Part Five of this series focuses on exhibition floor networking opportunities that are outside of the exhibit booth, but in common areas that make it easy for attendees to mingle.

“Selling booths is no longer just a transaction,” said CEIR CEO Cathy Breden. “Both organizers and exhibitors have shared opportunities for creating engagement on the show floor. This report provides insights into how to better align what is offered by the organizer and exhibitors with attendee preferences — what they are using. It will help the organizer identify the activities the exhibitors might sponsor and will help exhibitors to also have better information on engaging with attendees.”

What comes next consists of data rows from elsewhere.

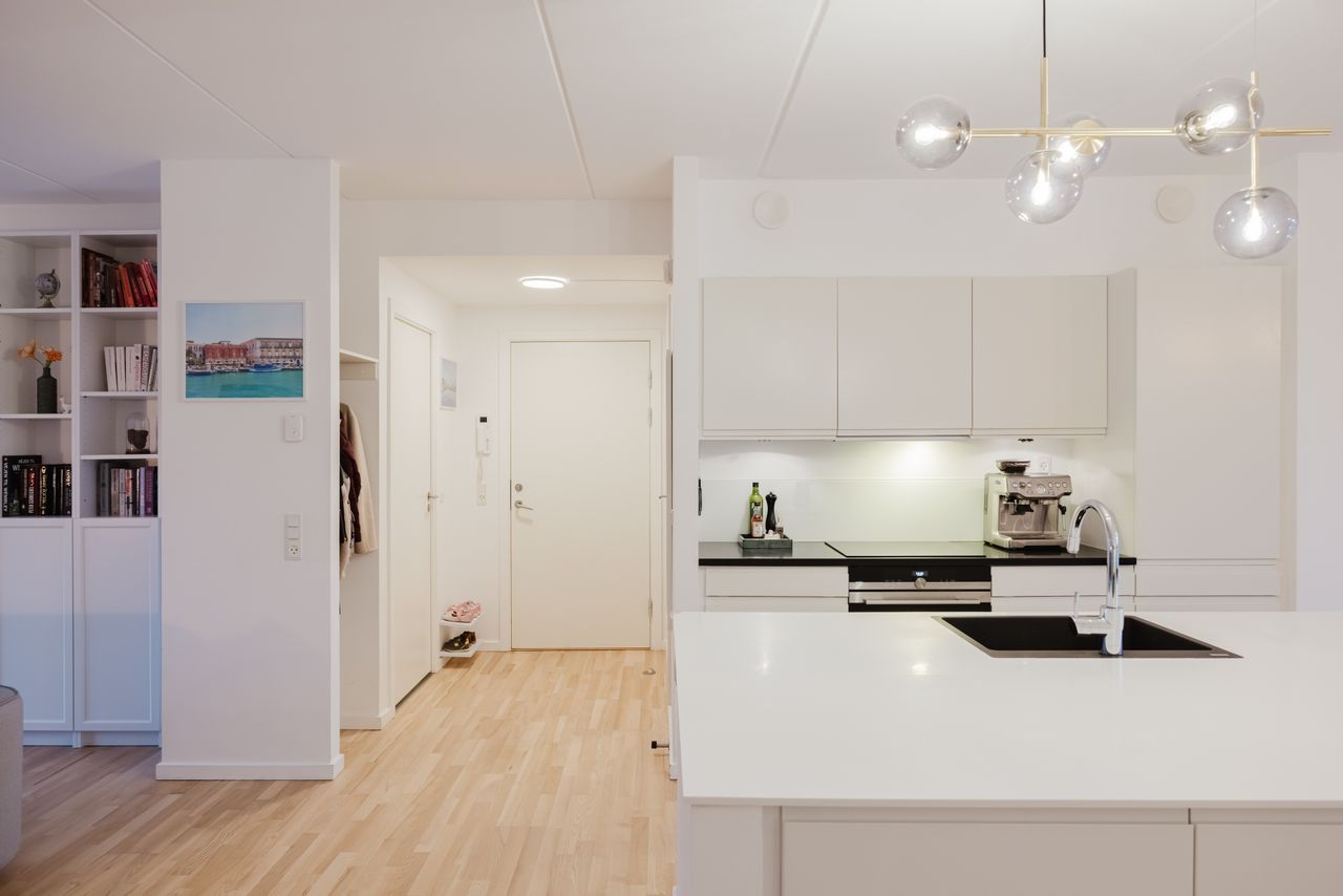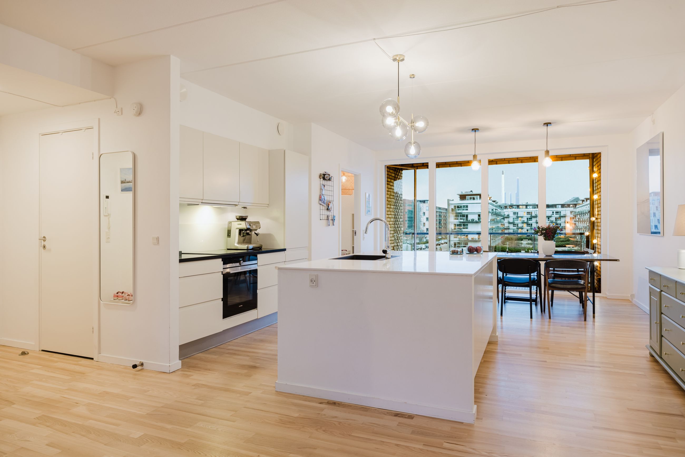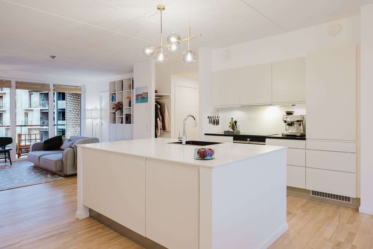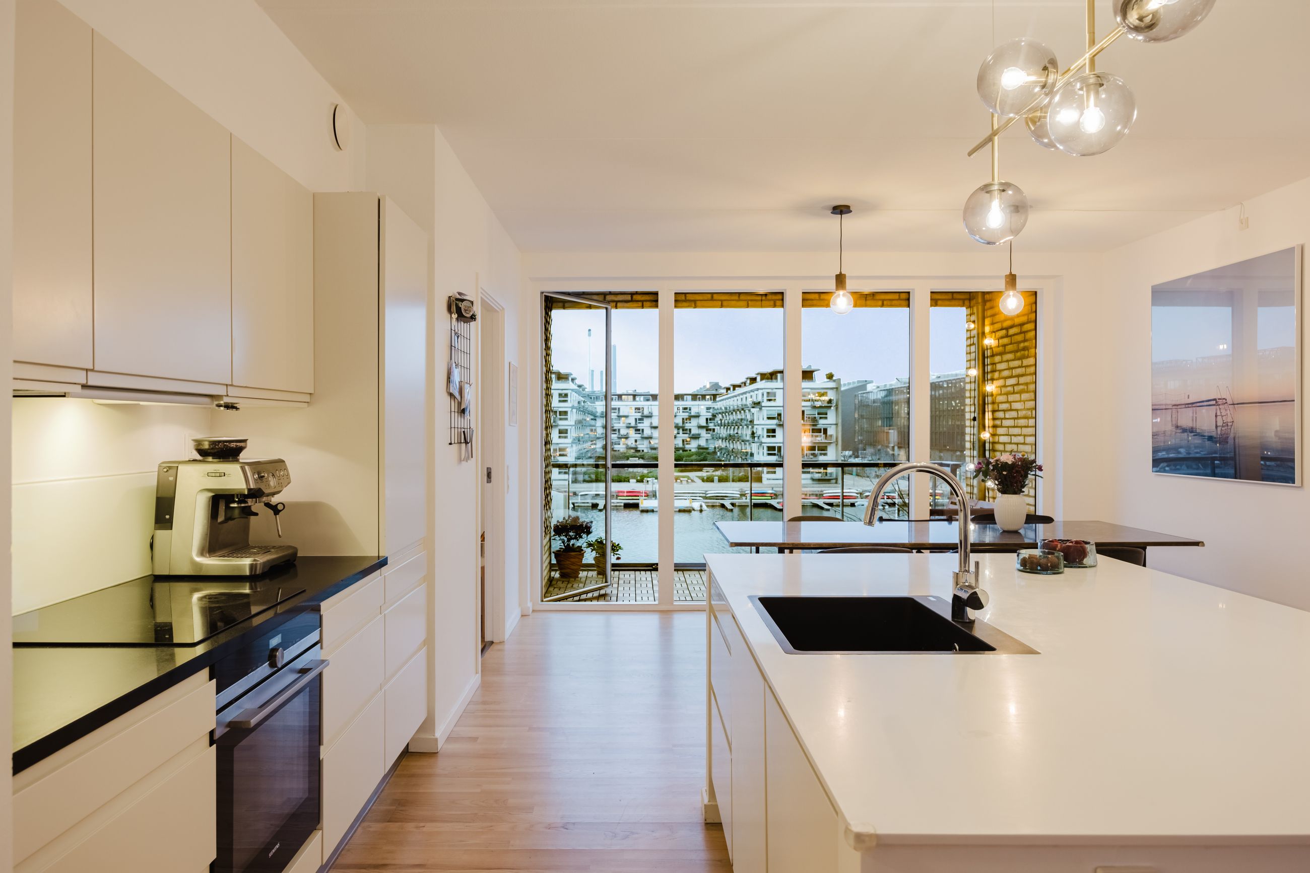 Hjertet i boligen er det store køkkenalrum og stue i åben forbindelse, et lyst, indbydende rum med plads til både madlavning, samvær og afslapning. Det tidløse køkken har hvide elementer, god bordplads og integrerede løsninger, der gør hverdagen let og elegant. Herfra er der udgang til to rummelige altaner, hvor morgensolen, havnelivet og de smukke solopgange kan nydes i fulde drag.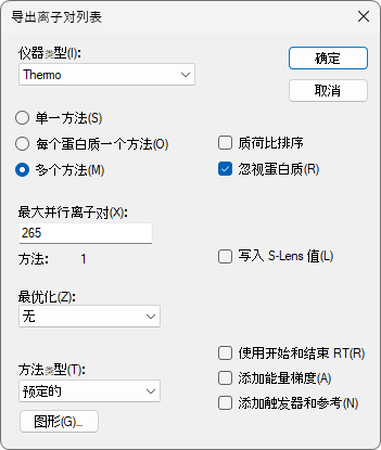 在您自己的实验中,可以选择直接导出仪器方法,从而避免手动加载离子对列表。您也可以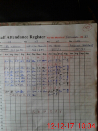 | CNIC | Full Name | Designation | R/C | Absence During Last Calender Month |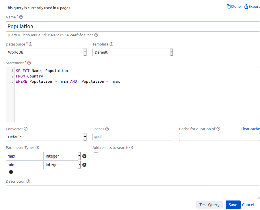 Using this query, you’ll be able to display names and populations of countries. You can specify a population range you’re interested in when adding the PocketQuery macro to a page. Simply set the parameters 'min' and 'max' to your liking.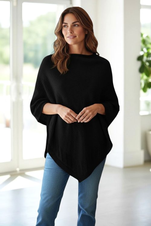 Stylish Split-at-Side Knitted Poncho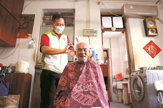 ■广州志愿者李宇云上门为老人理发。今年52岁的他坚持志愿服务已经14年,服务时长达到3500小时,他说,在帮助他人的同时,也收获了属于自己的价值认同。新快报记者 夏世焱/摄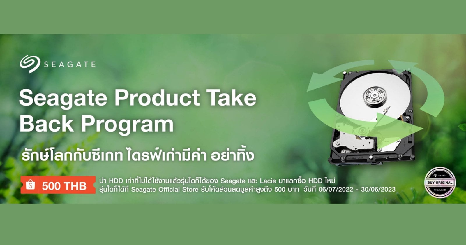 06/07/2022ซีเกท เทคโนโลยี โฮลดิ้งส์ (NASDAQ: STX) หนึ่งในผู้นำโซลูชั่นด้านการจัดเก็บข้อมูลของโลกเปิดตัวโครงการรับคืนสินค้าเก่าของซีเกท (Seagate Product Take Back Programme) ในประเทศไทย ซึ่งโครงการนี้เป็นส่วนหนึ่งของโครงการริเริ่มเพื่อความยั่งยืนโดยมุ่งหวังที่จะลดปริมาณขยะฮาร์ดไดรฟ์ที่ไม่ใช้งานแล้วในประเทศ
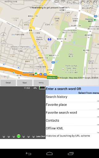 - put your present location (or search center point) registered fast to the "Favorite place", above "Reg" button. In addition, you can call its place from "Favorite place" easily when you want to come back in its place!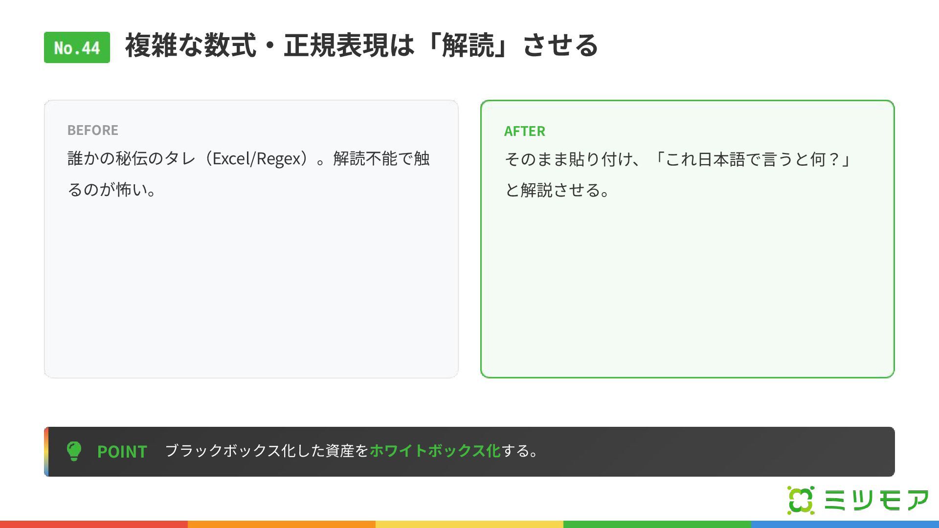 複雑な数式‧正規表現は「解読」させる POINT ブラックボックス化した資産をホワイトボックス化する。 BEFORE 誰かの秘伝のタレ(Excel/Regex)。解読不能で触 るのが怖い。 AFTER そのまま貼り付け、「これ⽇本語で⾔うと何?」 と解説させる。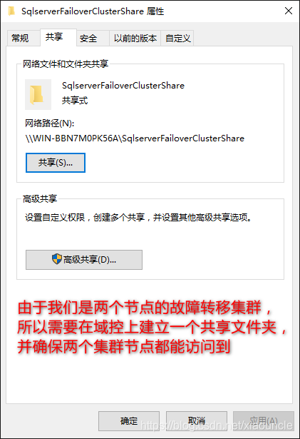 1、因為我們的集群中只有2個節點所以需要創建一個共享文件夾,本例中我們將其放在域控服務器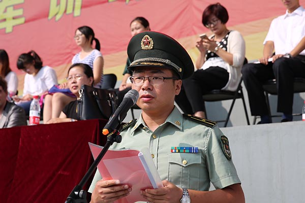 承训部队解放军73031部队首长吴茂林少校在讲话中回顾了多年来承接我校军训任务的相关情况,勉励同学们珍惜时光,以全新的精神面貌迎接大学的第一堂课——军训,并要求全体教官遵章守纪、科学施训。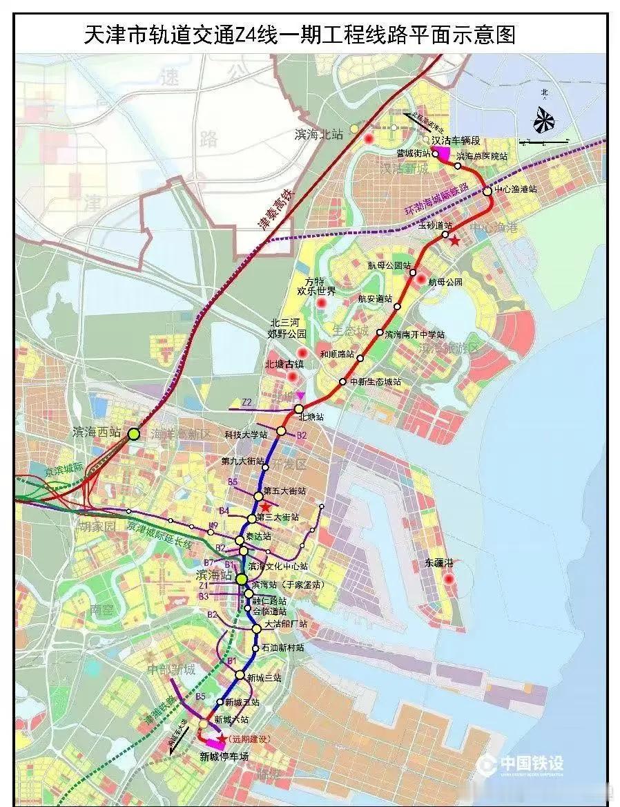 天津市轨道交通Z4线一期工程(北段)项目全长43.7km,全线共设车站24座,最高运行速度120km/h,项目覆盖汉沽老城区、中新天津生态城、滨海—中关村科技园、天津经开区东区、天碱片区、于家堡、中部新城等客流集散点,是天津市“十四五”规划重点工程、2025年二十项民心工程之一,也是滨海新区“十大工程”之一。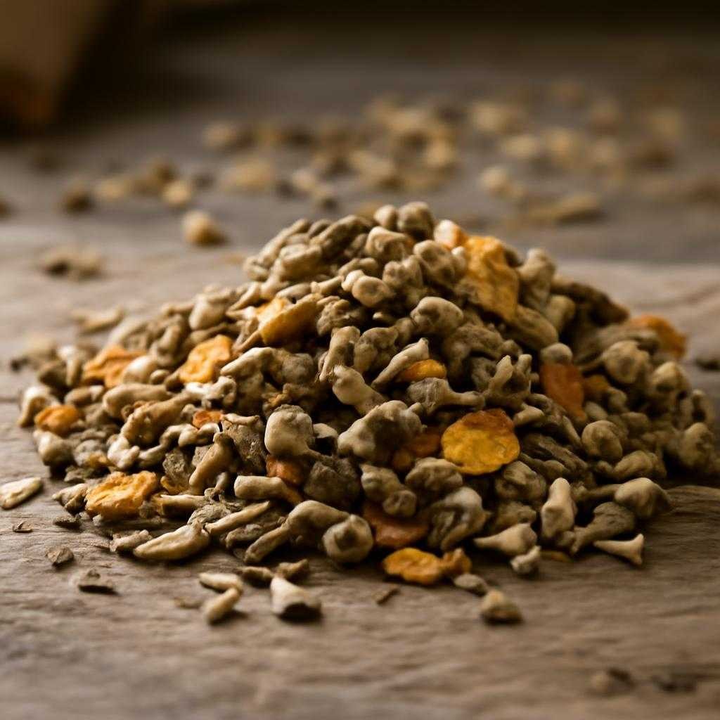 Список ингредиентов читают с начала. Первые позиции показывают основу корма. Хороший признак — конкретный источник белка: мясо птицы, индейка, ягнёнок, рыба. Размытые формулировки вроде «мясо и продукты переработки» дают мало информации о сырье. Если на первых местах зерновые, а животный белок уходит вниз списка, питательная ценность для хищника выглядит сомнительно.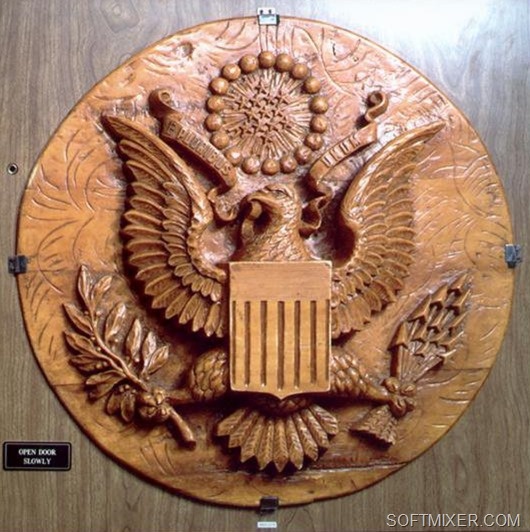 В 1945 году советские школьники подарили американскому послу деревянное панно из ценных пород дерева с изображением герба США. Ни школьники, ни посол не знали, что в панно вмонтировано подслушивающее устройство, конструкция которого была разработана Львом Терменом. «Жучок» был так удачно спрятан, что американские спецслужбы ничего не заметили, а советские разведчики ещё 8 лет прослушивали разговоры в рабочем кабинете посла. После обнаружения устройство было представлено в ООН в качестве доказательства разведывательной деятельности СССР, однако принцип его действия еще несколько лет оставался неразгаданным.
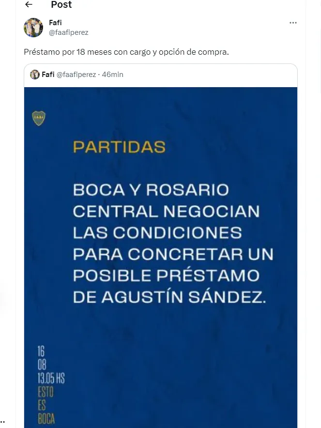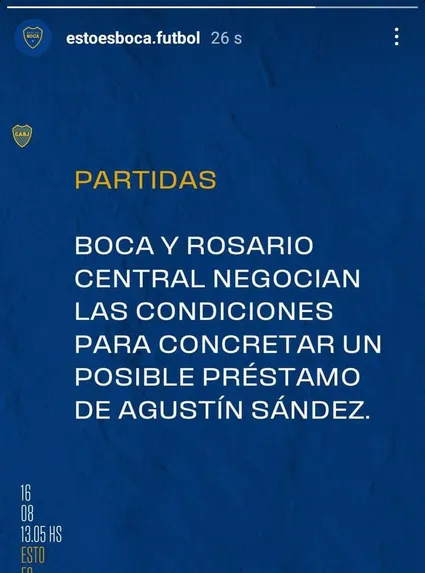 Así lo informó el club a través de su cuenta oficial para brindar novedades del mercado de pases “Esto es Boca Fútbol”. “Boca y Rosario Central negocianla condiciones para concretar un posible préstamo de Agustín Sández”.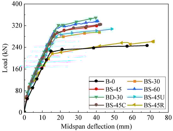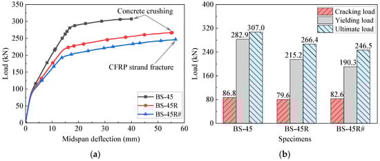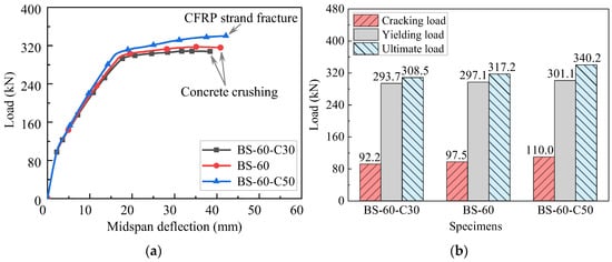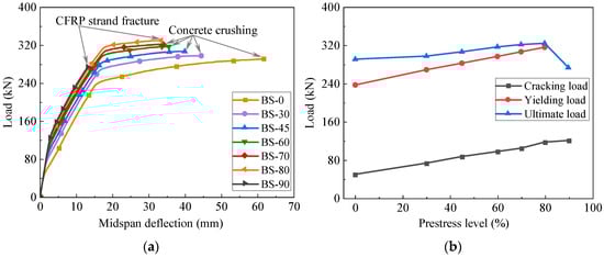 - Compared to beams with non-prestressed CFRP strands, applying prestress significantly enhanced the flexural behavior. The ultimate load increased from 291.3 kN to 324.6 kN as the prestress level increased from 0% to 80%. However, at a prestress level of 90%, the ultimate load decreased to 273.9 kN due to the premature fracture of the CFRP strands and no yielding of the non-prestressed steel rebars. Therefore, excessively high initial prestress in the CFRP strands should not be allowed in practical applications;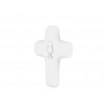 Cette jolie croix est en albâtre, une pierre blanche d'une grande pureté, à l'aspect velours mat, qui évoque la douceur et la paix, la sérénité. Ses lignes sobres et son dessin stylisé représentant le calice et l'hostie, sont résolument contemporains et authentiques, et expriment bien la présence de Dieu au centre de nos vies, ainsi que la puissance et la profondeur du mystère de la présence de Dieu dans l'Hostie.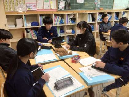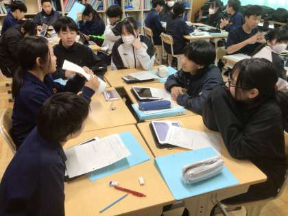 19学級です。職業について調べたことをグループ内で発表しています。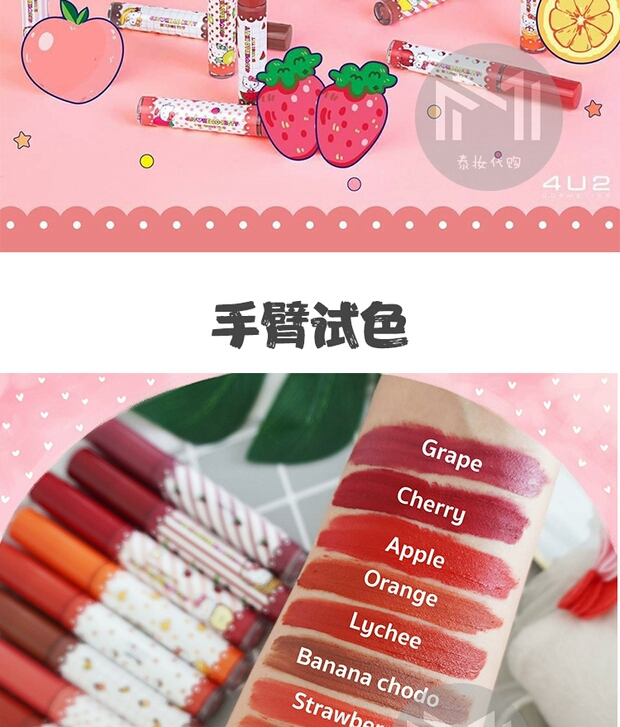唇釉是絲絨質(zhì)地,沒(méi)有任何的流動(dòng)性,像比較稀有的膏體。雖然10cherry火的一塌糊涂,但是4U2 Hello Kitty的巧克力色真的是巧克力本巧,又帶有微妙的棕帶一點(diǎn)橘和紅色,薄涂很日常很好看。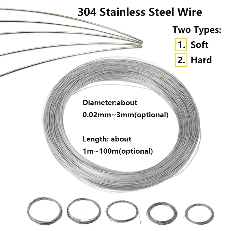 304 Проволока из нержавеющей стали, разделенная на проволоку средней жесткости и мягкую проволоку (мягкая проволока почти так же мягкая, как железная проволока, и подходит для связывания. Проволока средней жесткости относительно твердая, похожа на аргон стержень для дуговой сварки и подходит для обработки)
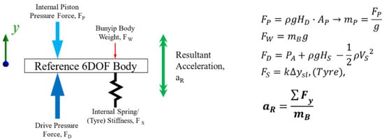 The second method uses a multi-body physics solver with the capacity to define the internal physics through the individual definition of the mass and stiffness properties of the system. For the Bunyip application, a free-body diagram is illustrated, as shown in Figure 11, to introduce the primary forces considered within an operation. For the given case in study, the internal pressure in the piston is calculated as an equivalent hydrostatic pressure ‘mass’ and defined through the 6DOF properties in addition to the Bunyip body mass of 5.6 kg. This will be directly applied during the power stroke and removed using a UDF during the reset phase [14]. In addition, other properties can be defined; for example, the internal spring stiffness can be implemented at 700 N/m across a constrained stroke length of 90 mm. At this time, we ignore the tyre stiffness due to its non-linear properties and multi-dimensional characteristics as well as additional losses due to friction. The solver enables internal equilibrium equations incident on the internal flow forces at the base volume of the tyre to be calculated, referenced centrally to the upper tyre surface. The result, similarly to the UDF, mapped across the domain relative to the surrounding green cell zones, as illustrated in Figure 9 before.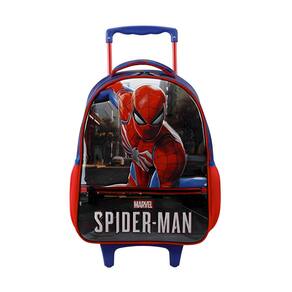 Mochila de Rodas M Spider Man Em tamanho 14 , produzida em poliéster resistente e estampado. Painel frontal em PVC vincado - Compartimento principal amplo e 1 bolso frontal com ziper trator , 2 bolsos laterais mesh, zíper com puxadores personalizados, alça de mão em nylon com mesh e piping forrado. Carrinho em metal com travas. DIMENSÕES: - Largura: 27cm - Altura: 35cm - Comprimento: 14cm PESO: 800gr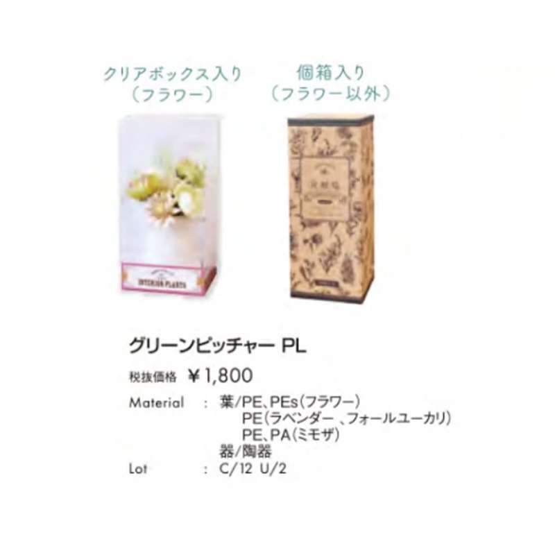 | 素材 | 葉/ PE、PEs(フラワー) PE(ラベンダー、フォールユーカリ) PE、PA(ミモザ) 器:陶器 |

The new report looks at 10 potential networking activities for common areas and details the different ways they are used by exhibitors, industry sectors, and other demographics. For instance, receptions during show hours draw 73% or more of event attendees, are offered by 55% of organizers and sponsored by 20% of exhibitors.

The report also identifies unique exhibitor differences in various industry sectors to examine the extent of exhibition activity and other demographics. For exhibition organizers, differences are reported by an event’s size and regional scope of participation.